Loading R packages for the Midterm Exam

library(tidyverse)
library(skimr)



Question 1

For Question 1, run the following function to read the county_data.csv file:

county_data <- read_csv(
  'https://bcdanl.github.io/data/county_data.csv'
)


You need to provide the absolute path name for the file, dominick_oj_q1a.csv to the above read_csv() function to read the file.

Variable Description

  • id: FIPS State and County code

  • name: State or County Name

  • state: State abbreviation

  • census_region: Census region

  • pop_dens: Population density per square mile, 2014 estimate

  • pct_aa: Percent African American population, 2014 estimate

  • pop: Population, 2014 estimate

  • female: Female persons, percent, 2013

  • caucasian: Caucasian alone, percent, 2013

  • african_american: African American alone, percent, 2013

  • travel_time: Mean travel time to work (minutes), workers age 16+, 2009-2013

  • land_area: Land area in square miles, 2010

  • hh_income: Median household income, 2009-2013

  • fips: FIPS code

  • votes_dem_2016: Provisional count of Democratic votes in the 2016 Presidential election.
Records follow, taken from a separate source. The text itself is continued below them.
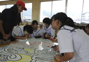 日出町の観光親善大使を務めるRyuAmbeさんが3日、町立日出中学校(深町勝幸校長、662人)で「文化祭テーマ『QUEST~探求する~』を絵がこう」と題して、中学生と一緒に壁画づくりに取り組んだ。
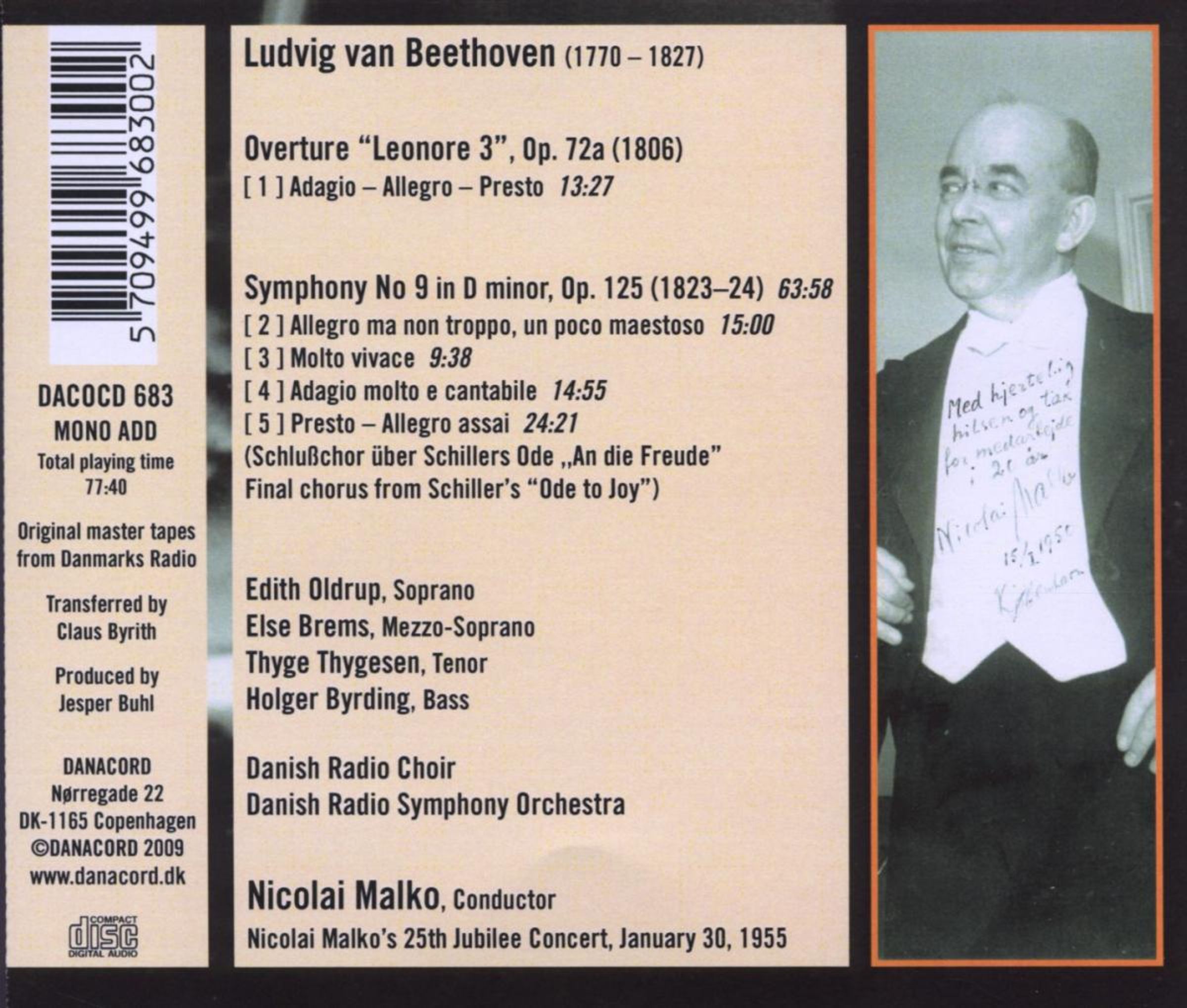 Zum ersten Mal auf CD: Am 30. Januar 1955 beging Malko, einer der bedeutendsten russischen Dirigenten des 20. Jahrhunderts, seine bis dahin fünfundzwanzigjährige Zusammenarbeit mit dem dänischen RSO mit einem Beethoven-Konzert. Malko-typisch hat die 9. Symphonie in seiner Interpretation nichts hymnisch-lyrisches, sondern wird zu einem dramatischen Ereignis. Die Aufnahme ist klangtechnisch in erstaunlich gutem Zustand und ein wichtiger Beitrag zur Malko-Diskographie.
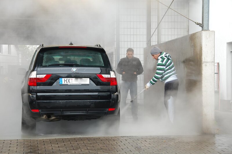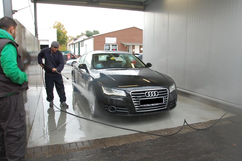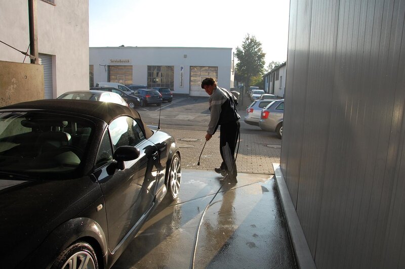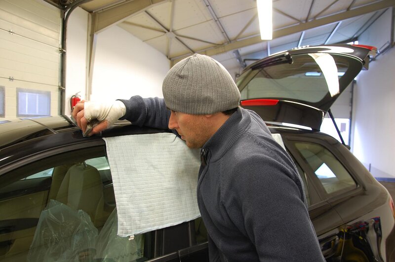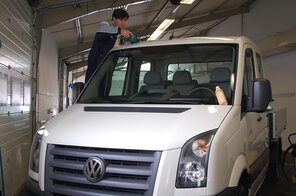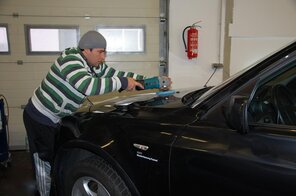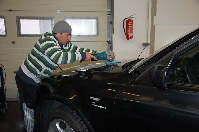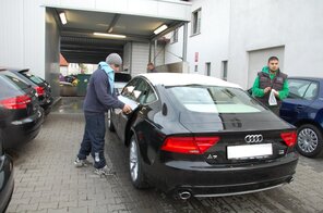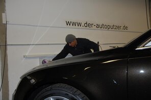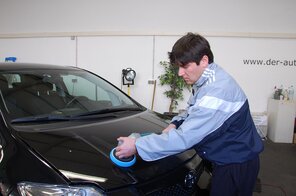 Nach der Einführung in die Theorie und Materialkunde, wurde sofort das erste Fahrzeug einer Vorbereitungsprozedur unterzogen: Vorarbeiten für die professionelle Autowäsche an einem Toyota Auris.
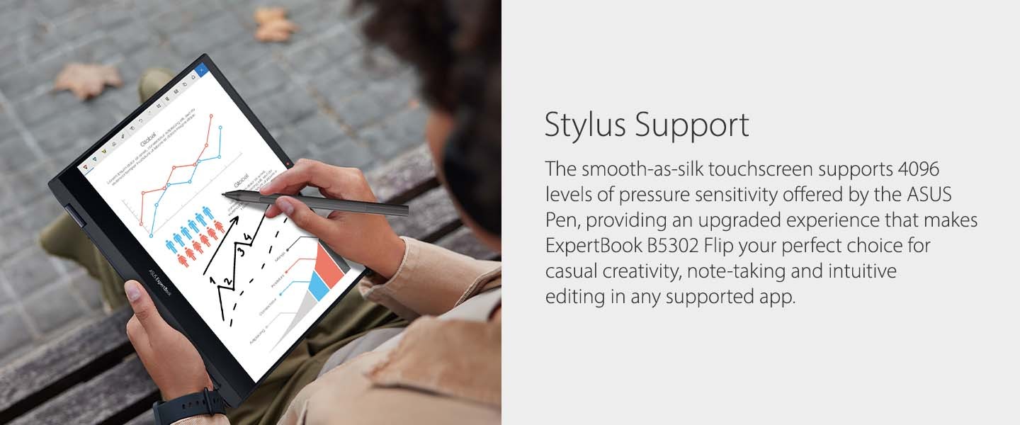 With a 360° flip hinge the ExpertBook B5302 Flip can be used in several different ways, including both tent and tablet modes, making it easier for instant collaboration, content-sharing or presentations. Additionally, it is engineered to cope up with the everyday knocks & bumps in a business setup owing to its military-grade toughness & the ASUS internal torture tests it undergoes.

  • votes_gop_2016: Provisional count of Republican votes in the 2016 Presidential election.

  • total_votes_2016: Provitional count of votes cast in the 2016 Presidential election.

  • partywinner12: Winning party, 2012 Presidental Election.

Q1a.

Move the column ‘fips’ to the first and remove column ‘id’.

q1a <- county_data %>% 
  select(fips, everything()) %>% 
  select(-id)



Q1b

Provide both (1) ggplot codes and (2) a simple comment to describe the probability distribution of african_american.

ggplot(county_data) + 
  geom_density(aes(x = african_american))
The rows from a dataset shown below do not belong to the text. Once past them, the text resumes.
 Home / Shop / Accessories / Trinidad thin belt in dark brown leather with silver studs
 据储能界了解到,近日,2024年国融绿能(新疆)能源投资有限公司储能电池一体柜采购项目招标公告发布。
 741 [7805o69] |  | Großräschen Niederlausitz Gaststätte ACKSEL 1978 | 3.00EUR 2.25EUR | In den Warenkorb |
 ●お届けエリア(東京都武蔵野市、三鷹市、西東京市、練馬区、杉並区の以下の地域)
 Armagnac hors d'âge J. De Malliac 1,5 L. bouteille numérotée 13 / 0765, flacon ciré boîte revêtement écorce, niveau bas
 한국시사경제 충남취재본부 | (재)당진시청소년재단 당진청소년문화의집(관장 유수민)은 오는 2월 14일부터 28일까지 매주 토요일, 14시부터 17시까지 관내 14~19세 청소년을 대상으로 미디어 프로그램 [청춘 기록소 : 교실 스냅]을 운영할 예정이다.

  • The distribution of the variable african_american is right-skewed.

  • It ranges from 0.00% to 85.00%.

  • The values around 2-3% are most likely for the value for african_american in US counties.



Q1c

Provide both (1) ggplot codes and (2) a simple comment to describe how the probability distribution of african_american varies by census_region.

ggplot(county_data) + 
  geom_density(aes(x = african_american)) +
  facet_grid( . ~ census_region)

- The variable african_american are likely to be higher in South and Northeast of census_region than Midwest and West of census_region.

Q1d

Provide both (1) ggplot codes and (2) a simple comment to describe the relationship between travel_time and hh_income.

ggplot(county_data,
       aes(x = travel_time, y = hh_income)) +
  geom_hex() + 
  geom_smooth() + geom_smooth(method = lm, color = 'red') 
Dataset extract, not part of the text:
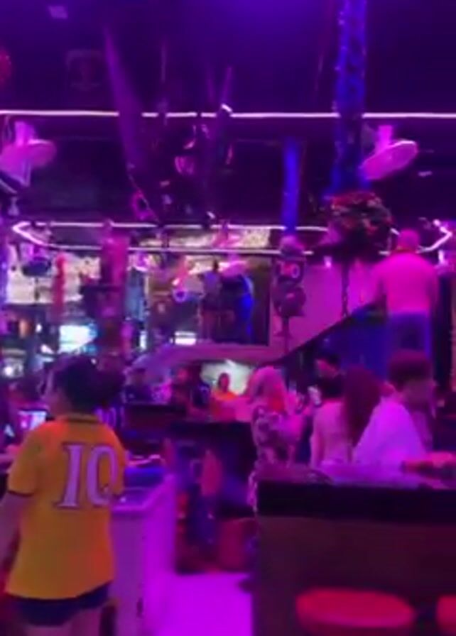 A video depicts a bar with multiple people inside. The room is lit with bright purple and blue neon lights, and there are several ceiling fans. Patrons stand around and sit at the bar. A man stands shirtless on top of the bar, holding onto a pole. Another individual dances on a pole to his right. Several others appear to be on a slightly elevated platform towards the back of the bar. The bar itself has a white countertop and red bar stools. A woman with dark hair in a ponytail, wearing a white top and a short skirt, stands in the foreground with her back to the camera, looking towards the dancers on the bar.
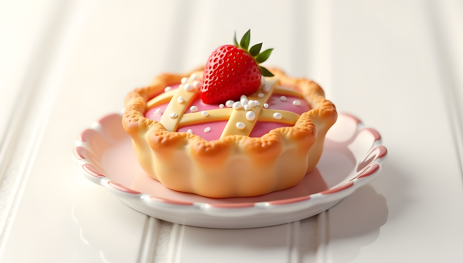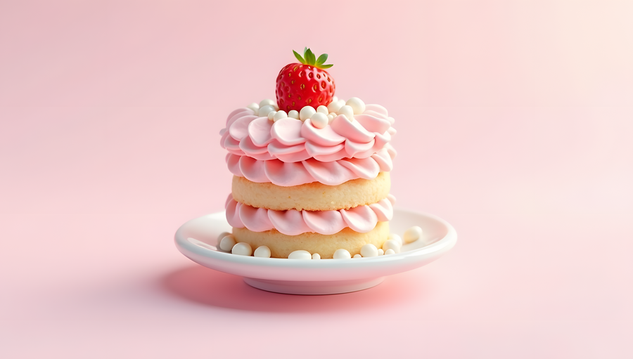 2. Дизайн и материалы Цветовая гамма: пастельно-розовый (основной) и белый. Акценты: жемчужная посыпка, миниатюрная клубника. Материал: фотополимерная смола (SLA/DLP) с матовым финишем — для детализации. Альтернатива — PLA с обязательной покраской. Поверхности: передача характерных текстур — воздушность бисквита, глазурь, крем, решётка пирога.

  • travel_time and hh_income are negatively associated overall.
    • They are negatively associated initially, and the relationship switches to be negative around the 22 minute of travel_time.

Q1e

Provide both (1) ggplot codes and (2) a simple comment to describe how the relationship between travel_time and hh_income varies by pop_dens.

ggplot(county_data,
       aes(x = travel_time, y = hh_income)) +
  geom_point(alpha = .1) + 
  geom_smooth() + geom_smooth(method = lm, color = 'red')  +
  facet_grid(.~pop_dens)

  • For low level of pop_dens, travel_time and hh_income are negatively associated.

  • For high level of pop_dens, travel_time and hh_income are positively associated.

  • The relationship between travel_time and hh_income seems to become more positive as pop_dens increases.

Q1f

Provide both (1) ggplot codes and (2) a simple comment to describe how the relationship between travel_time and hh_income varies by pop_dens and census_region.

ggplot(county_data,
       aes(x = travel_time, y = hh_income)) +
  geom_point(alpha = .25) + 
  geom_smooth() + geom_smooth(method = lm, color = 'red')  +
  facet_grid(census_region~pop_dens)

  • Overall, the relationship described in Q1e holds across census_region.




Question 2

For Question 2, run the following R command to read the music data file.

spotify_all <- read_csv('https://bcdanl.github.io/data/spotify_all.csv')
spotify_all


Q2a

Find the ten most popular song. Who are artists for those ten most popular song?

q2a <- spotify_all %>% 
  count(artist_name, track_name) %>% 
  arrange(-n) %>% 
  head(10)

q2a
  • This example assumes that the most popular song is the song—a combination of artist_name and track_name—that most frequently appears in the data.frame spotify_all.



Q2b

  • Find the five most popular artist.
  • What is the most popular song for each of the five most popular artist?
q2b <- spotify_all %>% 
  group_by(artist_name) %>% 
  mutate(n_popular_artist = n()) %>% 
  ungroup() %>% 
  mutate( artist_ranking = dense_rank( desc(n_popular_artist) ) ) %>% 
  filter( artist_ranking <= 5) %>% 
  group_by(artist_name, track_name) %>% 
  mutate(n_popular_track = n()) %>% 
  group_by(artist_name) %>% 
  mutate(track_ranking = dense_rank( desc(n_popular_track) ) ) %>% 
  filter( track_ranking <= 2) %>%   # I just wanted to see the top two tracks for each artist
  select(artist_name, artist_ranking, n_popular_artist, track_name, track_ranking, n_popular_track) %>% 
  distinct() %>% 
  arrange(artist_ranking, track_ranking)

q2b
  • This example assumes that the most popular artist is the artist—the value of artist_name—that most frequently appears in the data.frame spotify_all.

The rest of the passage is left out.